Clinical Practice Guidelines

Suprapubic Aspirate

  • See also:

    Background 

    Suprapubic aspirate is the gold standard for obtaining urine specimens for culture. Any growth of pathogenic bacteria in an SPA specimen is felt to be significant. It is a simple, safe, rapid and effective technique.

    Indications:

    • Young unwell infants for whom there is a need to obtain specimens as part of a septic work-up where  antibiotic administration should not be delayed while awaiting a clean-catch urine.
    • For a child (< 2 years) when it is deemed important to confirm a UTI. Eg in a child with recurrent urinary tract infections with positive cultures but minimal cellular response.
    • Children with previous UTIs with unusual or resistant organisms
    • Children on prophylactic antibiotics

    Contraindications:

    • Bleeding diathesis
    • Abdominal distension
    • Massive organomegaly

    Complications:

    Microscopic haematuria is common. There are some rare complications which include: macroscopic haematuria, bladder haematoma, bladder haemorrhage, intestinal perforation. 

    Equipment 

    • One assistant to hold the infant (not parent)
    • Specimen jar for urine
    • 23G needle (25G for premature infants)
    • 3ml or 5 ml syringe
    • Ultrasound/Bladder scanner and gel 

    Analgesia/Anaesthesia 

    • Topical anaesthetic cream (AnGELTM) should ideally be used except where specimens are required urgently (e.g. prior to starting antibiotic treatment in a septic infant)
    • Oral sucrose should be used for infants <3 months (see Analgesia guideline) 

    Procedure

    • Never undo the nappy until you have a urine jar handy and someone ready to catch!
    • Do the SPA before collecting blood or CSF unless the patient has voided recently.
    • 'Blind' SPA has an approximately 50% chance of obtaining urine.
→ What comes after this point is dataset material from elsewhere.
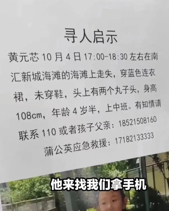 10月6日,上海市浦東區(qū)警方通過官微發(fā)布警情通報稱,女童父親在監(jiān)控中指出了自己和女童分開時的準確方位,民警據此在圖像中的近百人里發(fā)現了疑似女童的身影,其在原地等候約10分鐘后,向水邊走去,在水邊摔倒后消失在海浪中。浦東警方已協(xié)調上海海洋大學和海事大學的水文專家分析水流走向,以進一步開展搜尋工作。同時警方提醒廣大市民,如有相關線索及時與警方聯(lián)系。

The use of ultrasound increases the chance of success to 80-90%. Ultrasound is a useful tool to determine when NOT to do an SPA. There are two types of ultrasound that can be utilized:
      • Real time 2D ultrasound provides visualisation of the bladder and an estimation of its fullness. It is more accurate than the automated bladder ultrasound and should be used in preference to this if expertise in using a 2D ultrasound is available.
      • Automated bladder ultrasound provides a urine volume in mls. It does not visualise the bladder. Its ability to detect volumes less than 20 mls is poor. It should be used only when 2D ultrasound equipment or expertise is not available.
    • To minimise likelihood of voiding it is helpful to use warmed gel which should be placed on the ultrasound probe and not directly on the skin.
       

    Real time ultrasound images:  

    Full bladder  
     Transverse image  Longitudinal image
     Transverse image	 Longitudinal image
       
    Empty bladder  
     Tranverse image  Longitudinal image
     Tranverse image  Longitudinal image2


    Flow chart for use of ultrasound
    Ultrasound1 new

    What to do if a bladder ultrasound is not available

    Factors increasing the likelihood of a successful SPA:

    • History of no voiding in the past 30 minutes, and the presence of a dry nappy
    • Prehydration
    • Bladder dull to percussion
    Flow Chart if no ultrasound or bladder scanner available

    Ultrasound2 new


    SPA Method

    • Assistant to hold infant supine with legs extended and together. To prevent voiding in boys, the shaft of the penis should be squeezed to occlude the urethra.
    • Identify insertion point midline, lower abdominal crease. See - SPA Procedure - Identifying insertion point .
    • Wipe the overlying skin with an alcohol swab.
    • Insert needle perpendicular to the skin in all directions. Do not aim the tip of the needle down into the pelvic region. (The bladder in a baby is predominantly an abdominal rather than pelvic organ). The skin should be punctured quickly as if popping a balloon with a needle. Insert needle to the hub and aspirate. If urine is not immediately aspirated, continue aspirating as the needle is withdrawn.
    • If unsuccessful, withdraw the needle to just under the skin, and advance at an angle with the needle aimed further away from the pelvis. Do not repeat this procedure more than once.
    • If urine is obtained, remove needle and place urine into sterile urine jar.


     

     Post-Procedure-Care

    Post-Procedure Care
    • No specific care required. See parent handout.